If you use CAPTCHA on the login form and ever get locked out due to CAPTCHA is broken, here is how to get back in:
FTP to your WordPress directory /wp-content/plugins/
Delete this folder:
si-captcha-for-wordpress
This manually removes the plugin so you should be able to login again.

Is this plugin available in other languages?

Yes. To use a translated version, you need to obtain or make the language file for it.
At this point it would be useful to read Installing WordPress in Your Language from the Codex.
You will need an .mo file for this plugin that corresponds with the “WPLANG” setting in your wp-config.php file.
Translations are listed below — if a translation for your language is available, all you need to do is place it in the /wp-content/plugins/si-captcha-for-wordpress/languages directory of your WordPress installation.
If one is not available, and you also speak good English, please consider doing a translation yourself (see the next question).

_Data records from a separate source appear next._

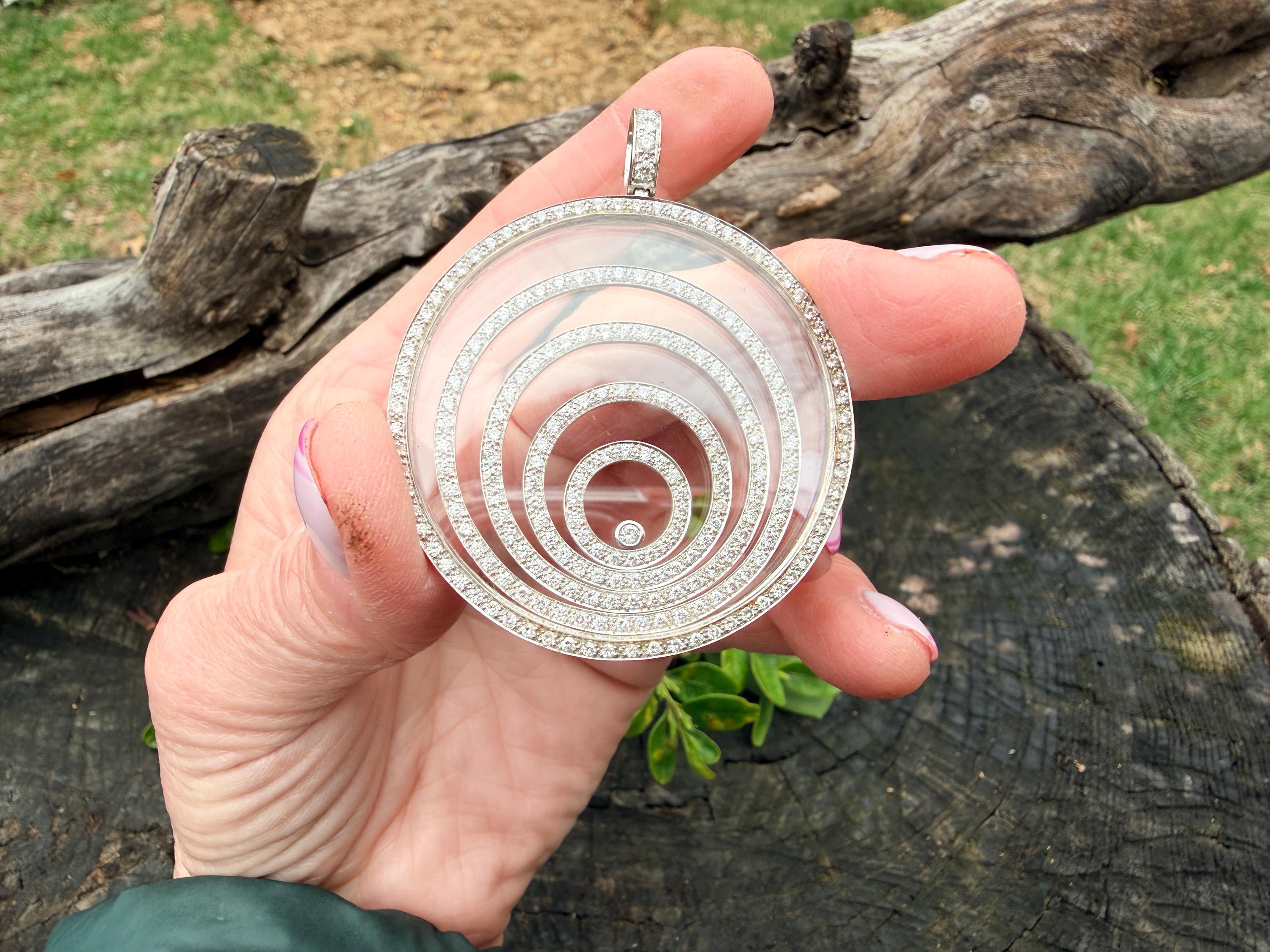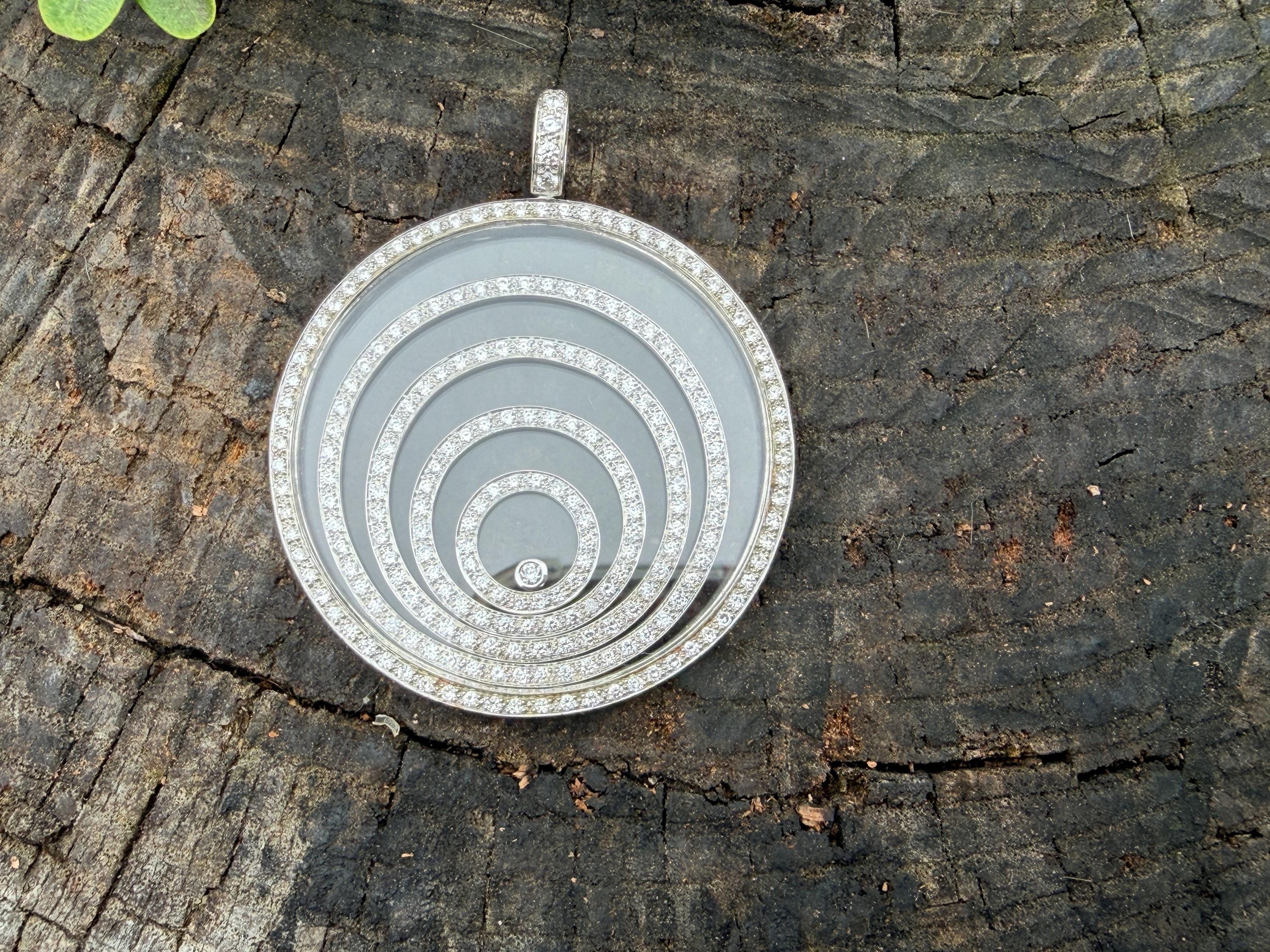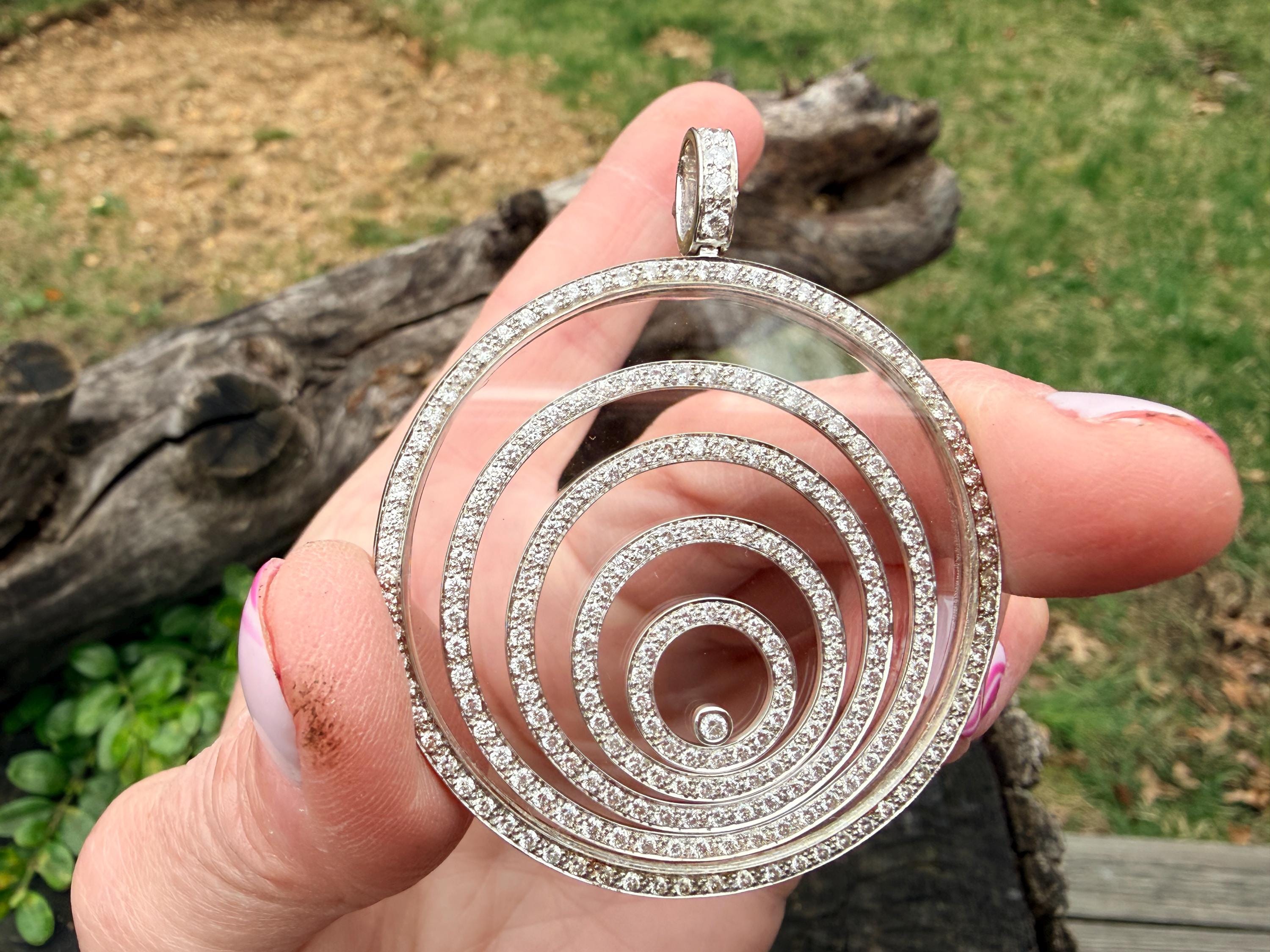 Set in 18k white gold this attention grabbing circular diamond disc pendant dates from the 1980’s. The fabulous multi layered circular shaped disc pendant has a geometric mod feel to it. Graduated, each large circle, fits inside the other to form a fluid, streamlined and sleek look. Each circular disc of gold is coated with the dazzle of round diamonds. The diamonds have a total approx. weight of 3.50 ct. The diamonds are H in color and VS2 in clarity. It exudes a magical effervescent vibe. Making an impact is the purpose of this piece. The pendant weighs 21.42 grams. The pendant measures 1 3/4". The bale is an additional 3/8". It is marked 750 (18k).
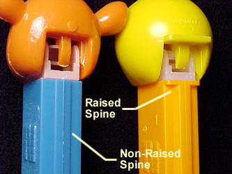 The Spine is the *track* that is centered longways down the stem on both the front and back sides. On older non-footed dispensers, the spine sticks out just a small bit. On footed dispensers, this spine is raised out even further and is very pronounced. In the photo above, the differences between the older Non-Raised Spine and the newer Raised Spine can be clearly seen. Also
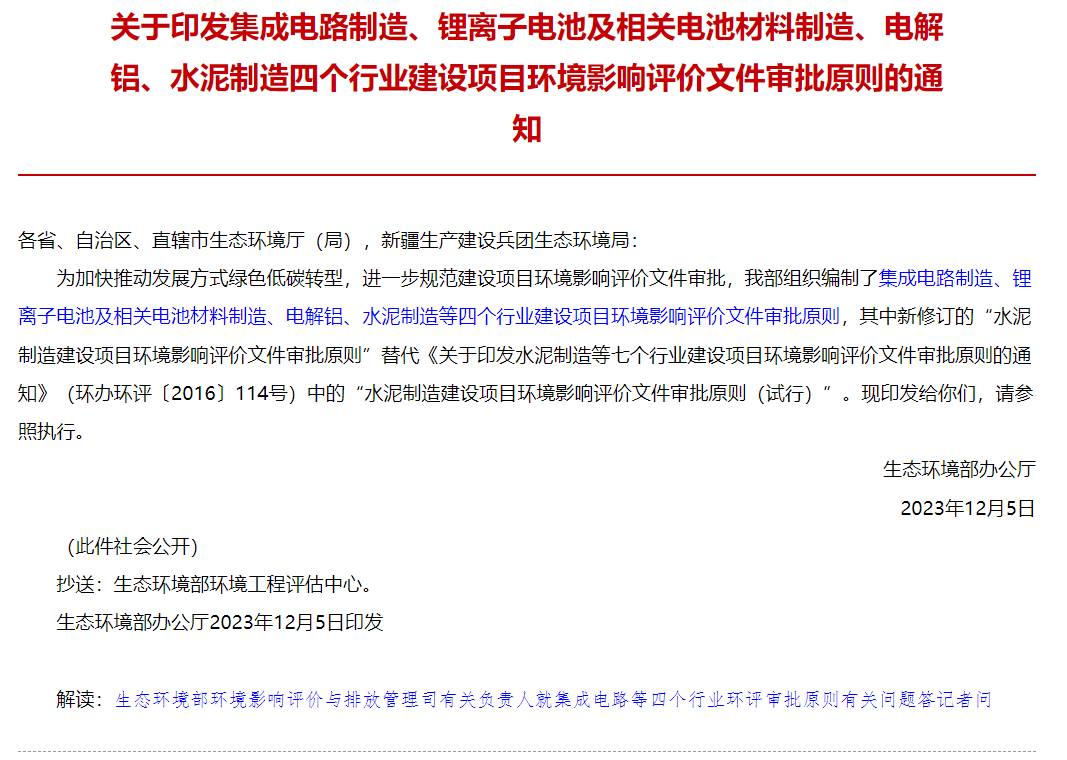 水泥制造建設項目環(huán)境影響評價文件審批原則
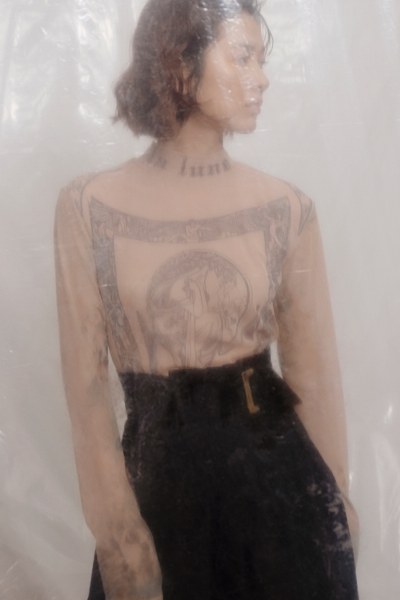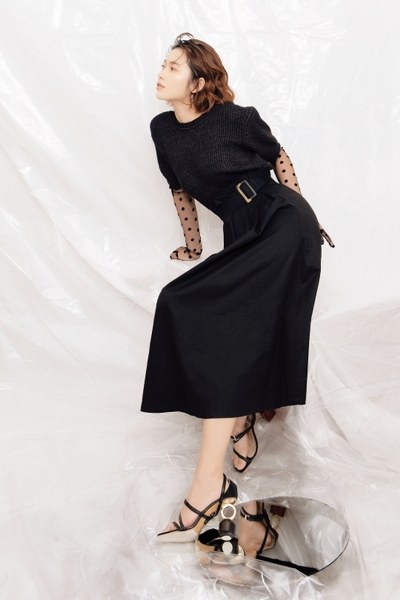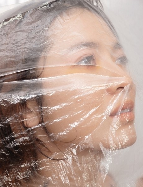 Trong bộ ảnh về chủ đề bảo vệ môi trường, diễn viên Oanh Kiều nằm giữa đống túi nylon, cầm đồ nhựa, dán miếng giấy nylon trên miệng...
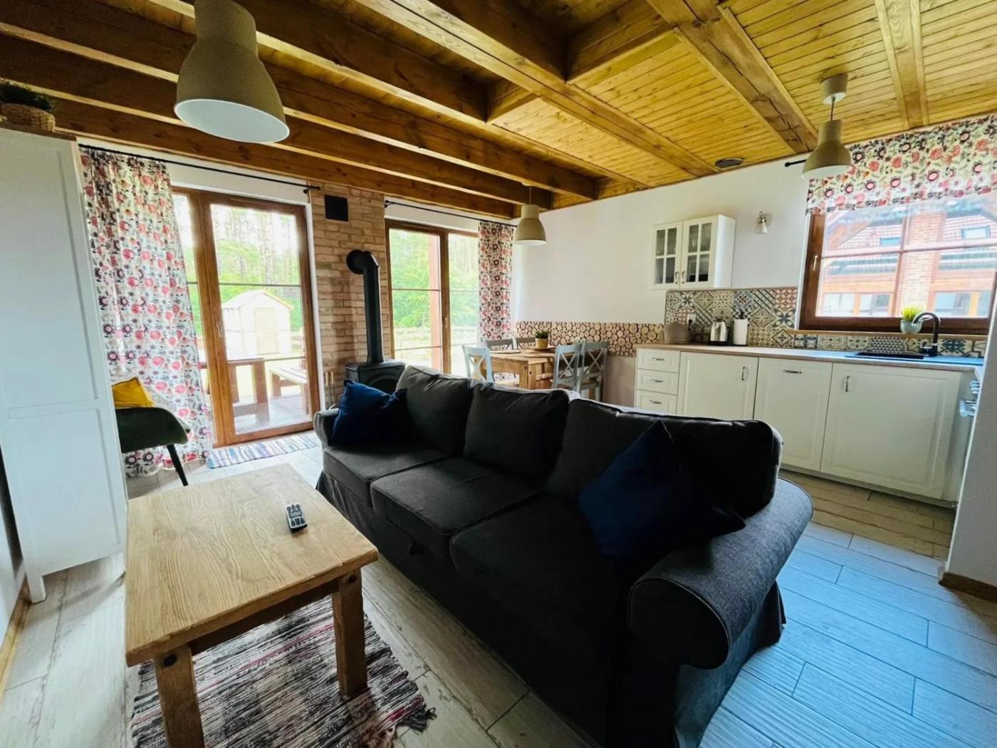 Dom z 2 sypialniami. The fireplace is the standout feature of this holiday home. The holiday home has 2 bedrooms, 2 bathrooms and a kitchenette. Guests can make meals in the kitchenette that features a refrigerator, a dishwasher, an oven and a toaster. Boasting a terrace, this holiday home also features a washing machine, a barbecue and a flat-screen TV. The unit has 3 beds. Dom wakacyjny - 5 osobowy. Powierzchnia pokoju ok.: 67 mkw.

The following translations are included:

Translators

• Albanian (sq_AL) – Romeo Shuka
• Arabic (ar) – Amine Roukh
• Belorussian (by_BY) – Marcis Gasuns
• Chinese (zh_CN) – Awu
• Czech (cs_CZ) – Radovan
• Danish (da_DK) – Parry
• Dutch (nl_NL) – Robert Jan Lamers
• French (fr_FR) – BONALDI
• German (de_DE) – Sebastian Kreideweiss
• Greek (el) – Ioannis
• Hungarian (hu_HU) – Vil
• Indonesian (id_ID) – Masino Sinaga
• Italian (it_IT) – Gianni Diurno
• Japanese (ja) – Chestnut
• Lithuanian (lt_LT) – Vincent G
• Norwegian (nb_NO) – Roger Sylte
• Polish (pl_PL) – Tomasz
• Portuguese Brazil (pt_BR) – Newton Dan Faoro
• Portuguese Portugal (pt_PT) – PL Monteiro
• Romanian (ro_RO) – Laszlo SZOKE
• Russian (ru_RU) – Urvanov
• Serbian (sr_SR) – Milan Dinic
• Slovakian (sk_SK) – Marek Chochol
• Spanish (en_ES) – zinedine
• Swedish (sv_SE) – Benct
• Traditional Chinese, Taiwan Language (zh_TW) – Cjh
• Turkish (tr_TR) – Burak Yavuz
• More are needed… Please help translate.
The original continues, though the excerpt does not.